To begin with, here are some instances where you would want to use gghistostats
-
Note before: The following demo uses the pipe operator (%>%
), so in case you are not familiar with this operator, here is a good explanation: http://r4ds.had.co.nz/pipes.html
gghistostats
To illustrate how this function can be used, we will use the gapminder
dataset. This dataset (available in eponymous package on CRAN) provides values for life expectancy, GDP per capita, and population, every five years, from 1952 to 2007, for each of 142 countries and was collected by the Gapminder Foundation.
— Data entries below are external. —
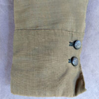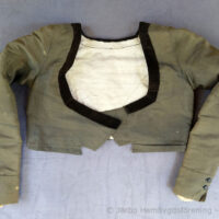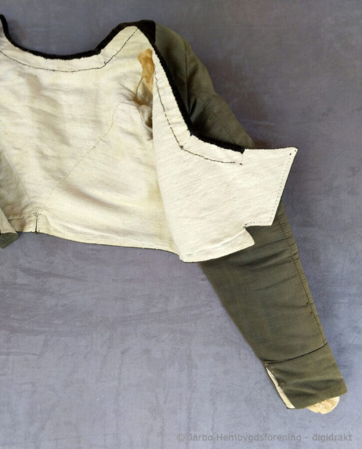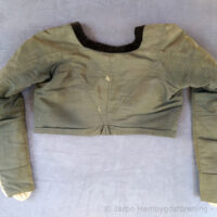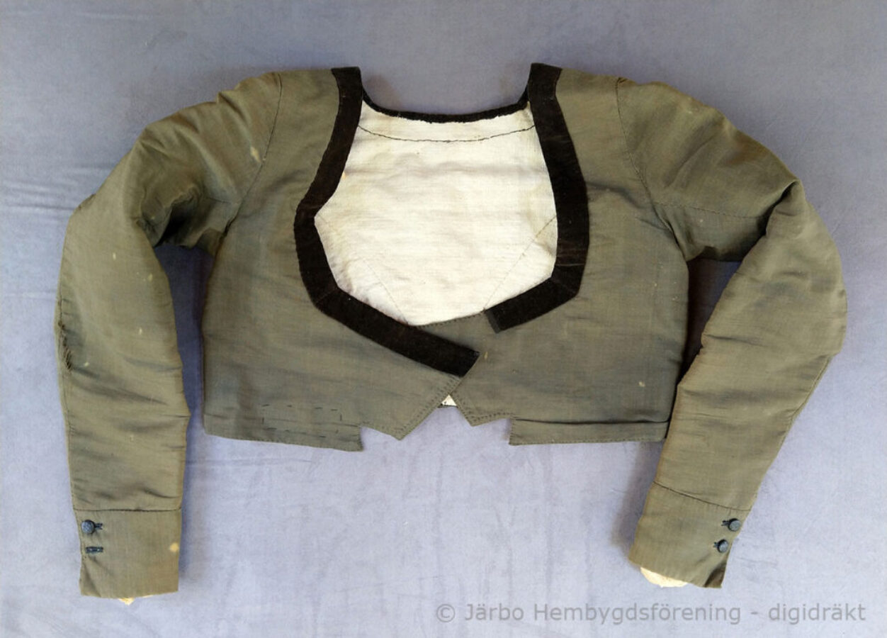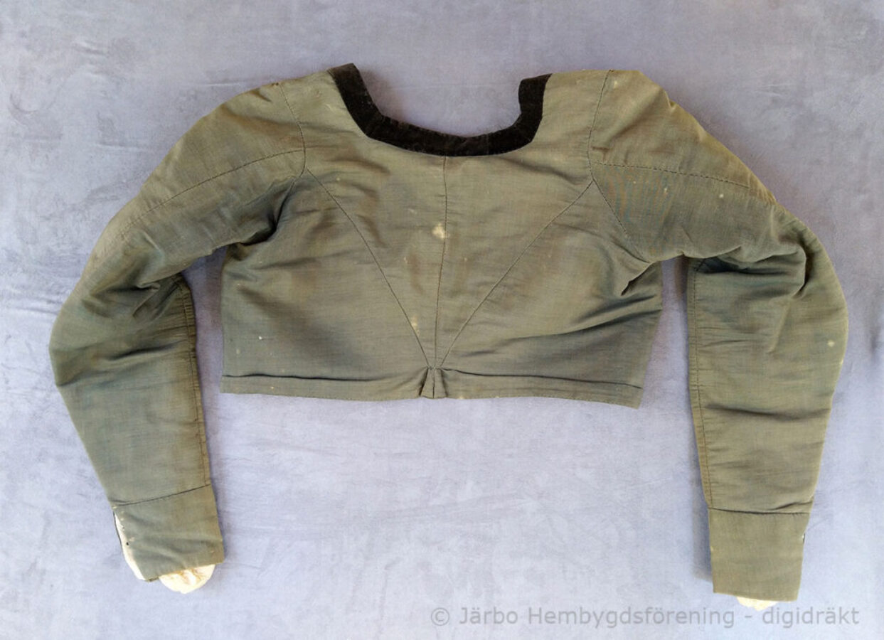Svart tröja i empirmodell av kamlott – ett tuskaftsvävt tyg av ull/mohair, tätt slaget med en härlig stelhet och glans. Halslinningen är kantad med svart bomullssammet och tröjan är fodrad med oblekt linne. Korta skört baktill i ryggen. Denna har burits ihop med den svarta kyrkkjolen som kyrkplagg på alla ”dagar” vintertid, – jul, annandagar och vid sorg/begravning.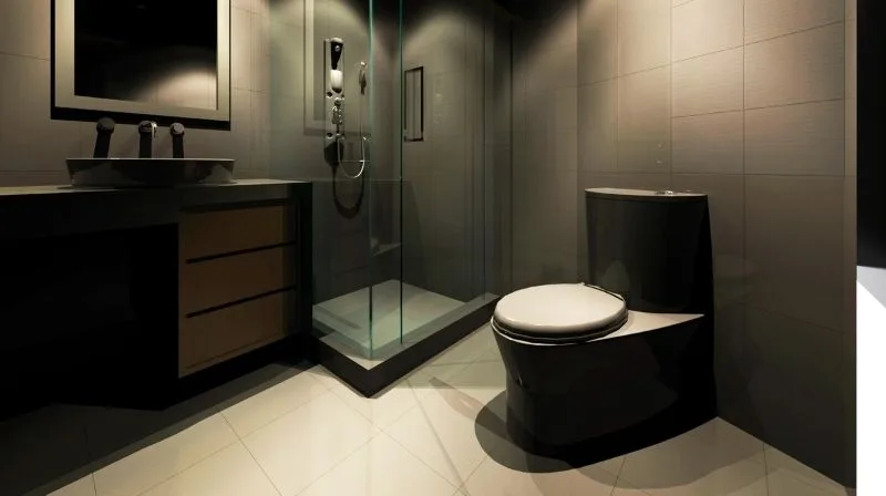 A sleek, modern bathroom featuring grey tiles, black fixtures, and a floating vanity — blending minimalist design with urban sophistication.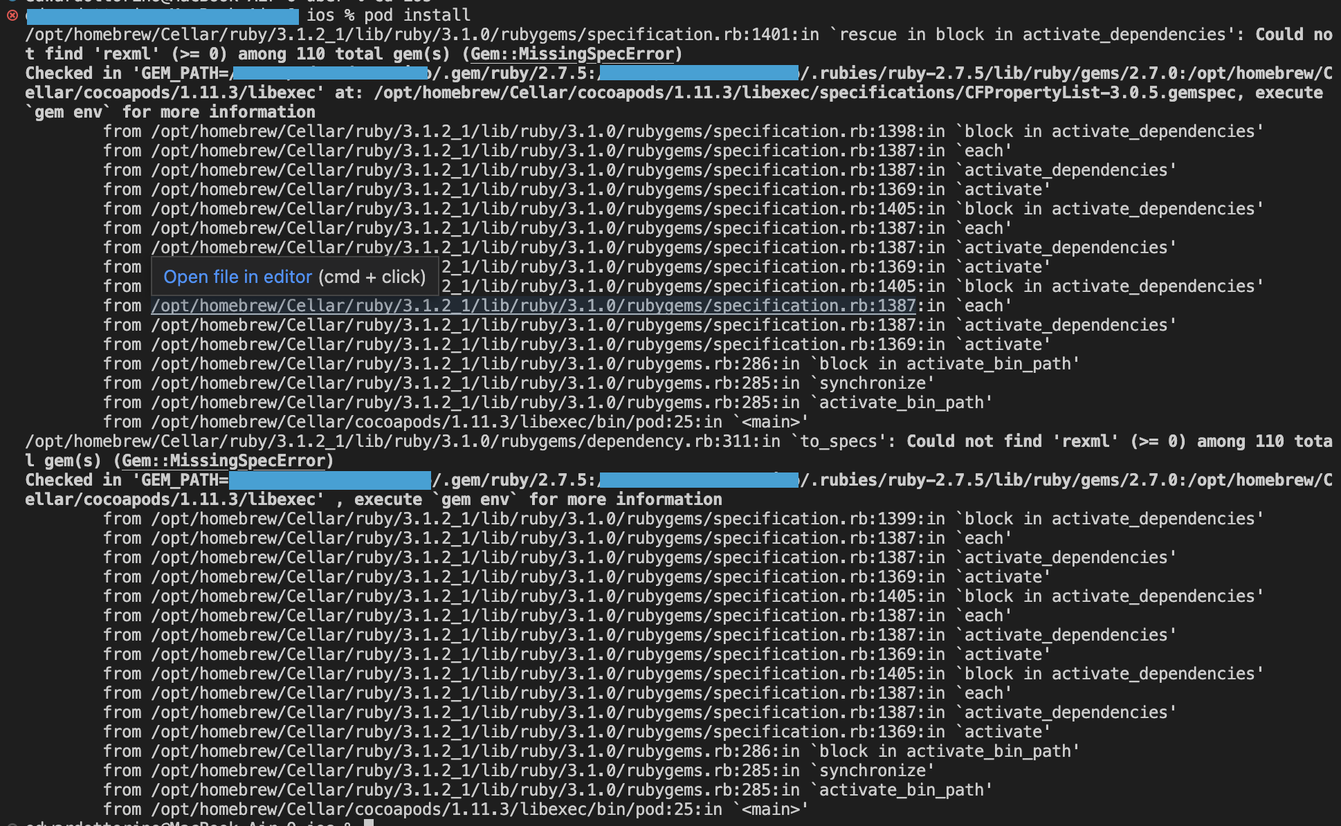 2) brew link --overwrite cocoapods(修复链接)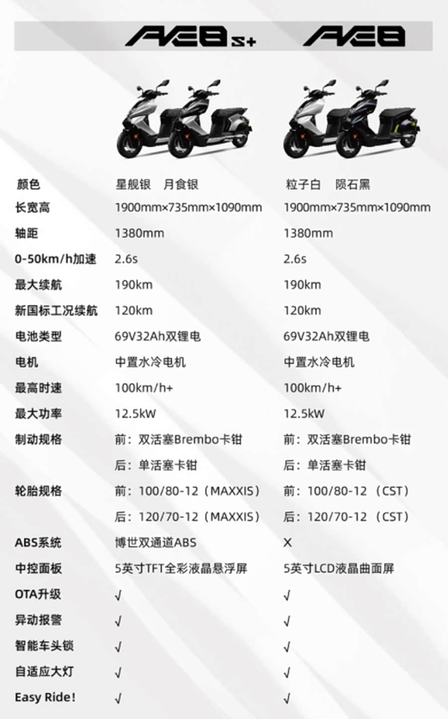 官方表示,AE8采用了大功率中置水冷电机,峰值功率12.5kW、轮上扭矩218N·m,使得该车拥有超越300cc燃油踏板的优越性能,0-50Km/h加速仅需2.6s,极速100km/h+。搭配69V32Ah汽车级高性能软包电池组新国标工况续航里程可达120km,可换电、双锂电电池组快充设计,告别里程焦虑。另外还配备了双液压预载/多段阻尼可调后减震,MAXXIS半热熔轮胎,以及全系标配Brembo卡钳,同时搭载的Z Link极智™互联系统可实现OTA 远程升级。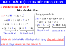 abc = a.(99 + 1) + b.(9 + 1) + c = 4.(.... + 99 1) + 1.(9 + ....) 1 + 7 = a.99 + a + b.9 + b + c = 4.99 + .... + 4 .... .9 + 1 1 + 7 = (. ... a + .... b + ... c.) +(.... a .11.9 + b.9) + = (4 + 1 + .... 7 ) + (4.11. .... 9 + 1.9) + Tổng các chữ số Số chia hết cho 9 Tổng các chữ số Số chia hết cho 9

Let’s have a look at the data-
library(gapminder)
library(dplyr)
dplyr::glimpse(x = gapminder::gapminder)
#> Observations: 1,704
#> Variables: 6
#> $ country <fct> Afghanistan, Afghanistan, Afghanistan, Afghanistan, ...
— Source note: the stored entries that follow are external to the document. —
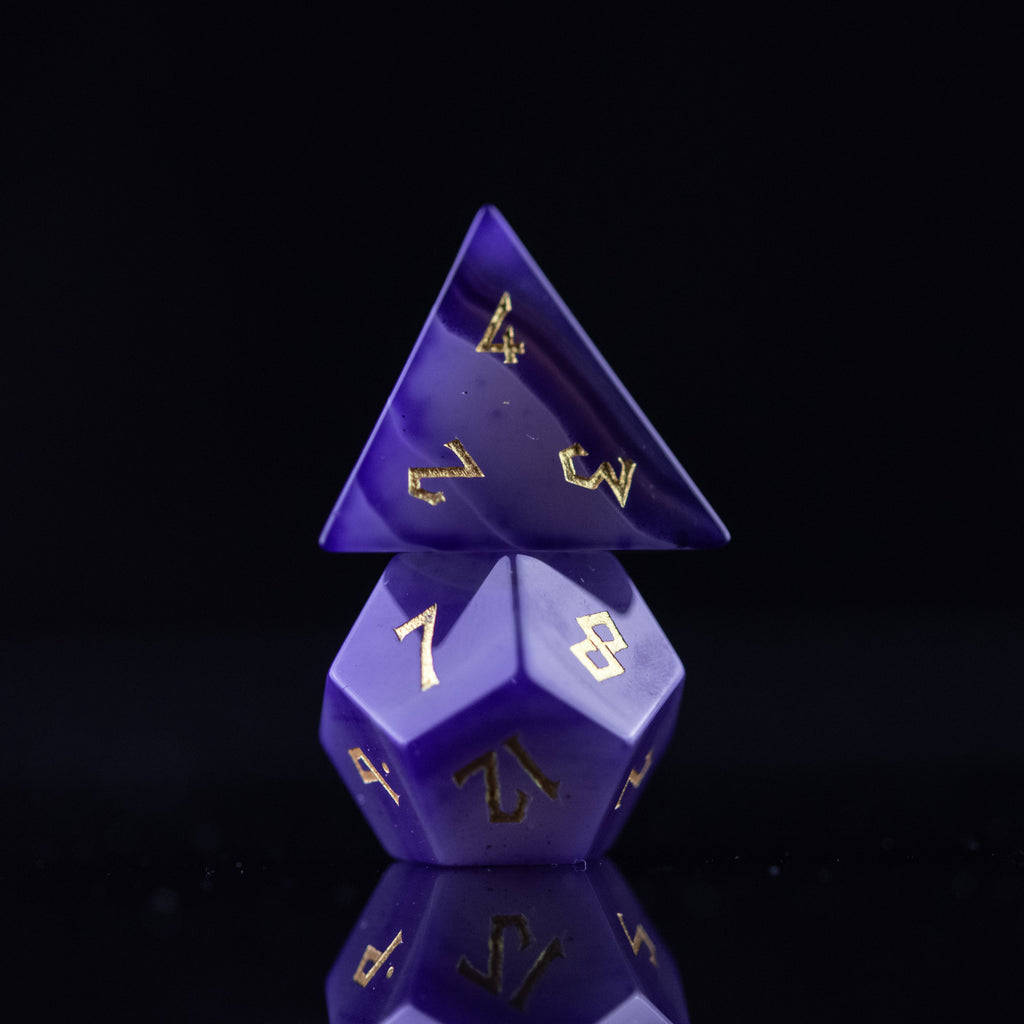 Purple is the color of nobility, and this dice set is befitting of royalty! Brilliant purple hues swirl amongst light and dark shades across the seven dice, with easy to read golden numbers doubling down on this set's regality. Truly, these are dice fit for a king or queen!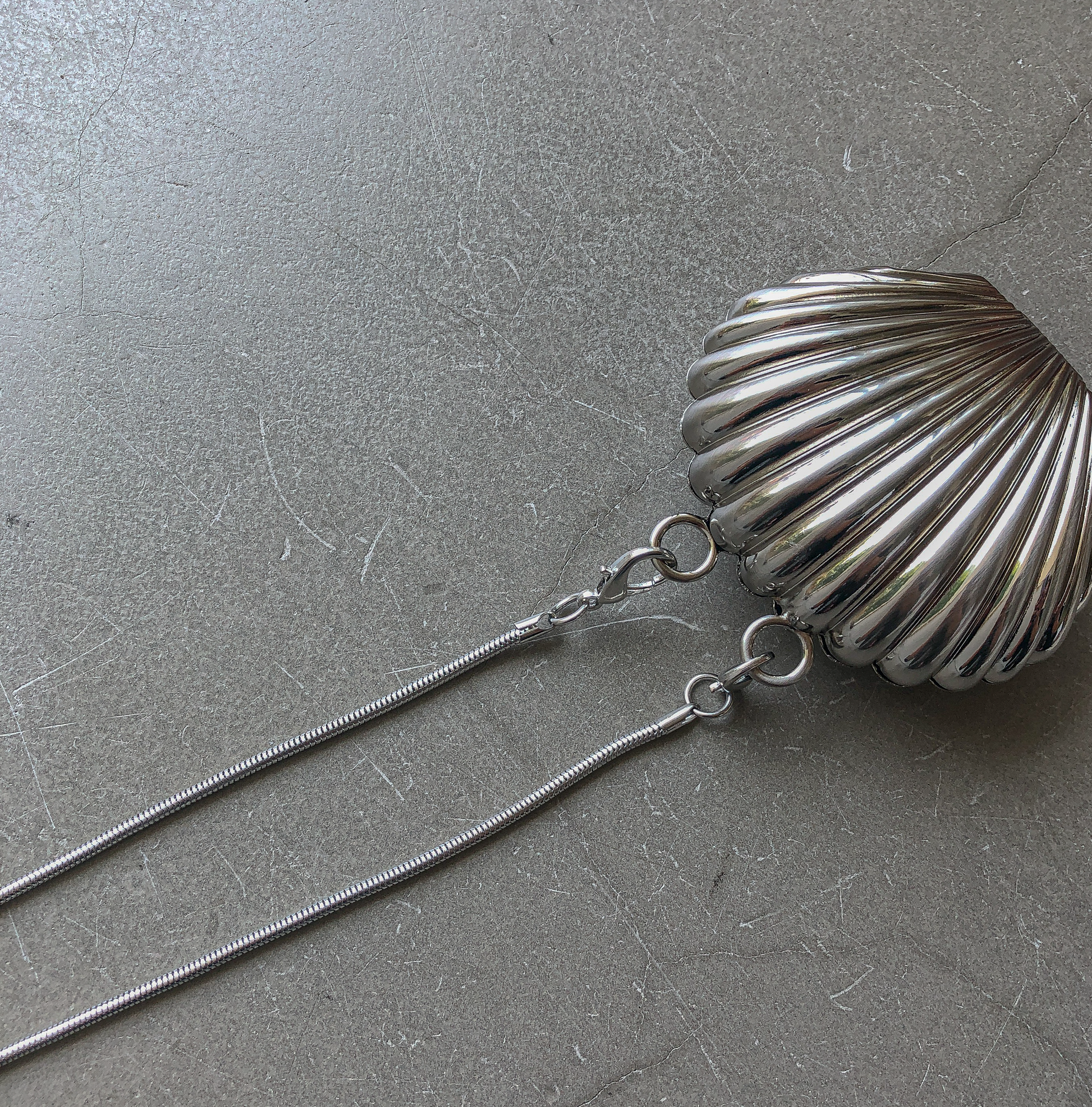 Vintage Lanvin inspired seashell mini bag with detachable sling, made entirely of stainless steel and a polished chrome finish. Perfect as a novelty candy or lipstick case as an outfit accent. Also available in Mauve Pink.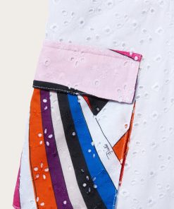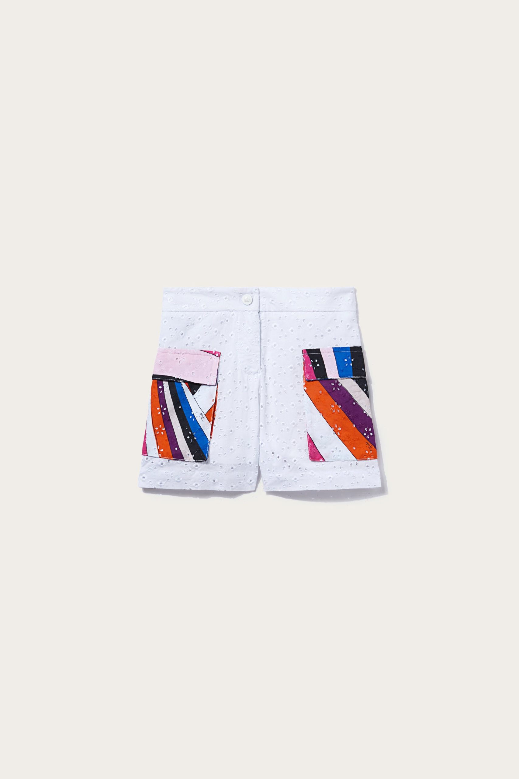 Vibrant fragments of the Iride print decorate the flap pockets of these shorts, adding pops of unabashed colour. They’re cut from broderie anglaise cotton.
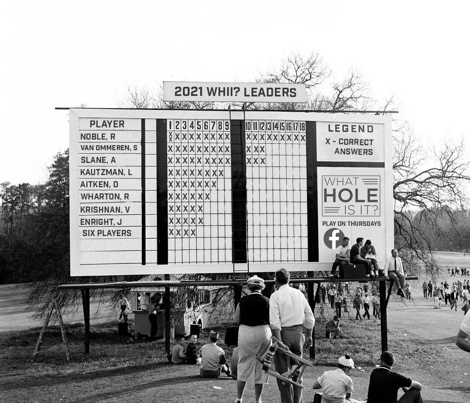 Congratulations to Kyle Cronk, a member of the Washington Golf Facebook group, the winner in the WHAT HOLE IS IT? contest from last week. Kyle correctly identified #4 at Yellowstone Club and then beat out two other correct answers in the random draw. The updated WHII leader board is displayed below and congratulations to Rob Noble for getting through the first 18 holes.

#> $ continent <fct> Asia, Asia, Asia, Asia, Asia, Asia, Asia, Asia, Asia...
#> $ year <int> 1952, 1957, 1962, 1967, 1972, 1977, 1982, 1987, 1992...
#> $ lifeExp <dbl> 28.801, 30.332, 31.997, 34.020, 36.088, 38.438, 39.8...
#> $ pop <int> 8425333, 9240934, 10267083, 11537966, 13079460, 1488...
#> $ gdpPercap <dbl> 779.4453, 820.8530, 853.1007, 836.1971, 739.9811, 78...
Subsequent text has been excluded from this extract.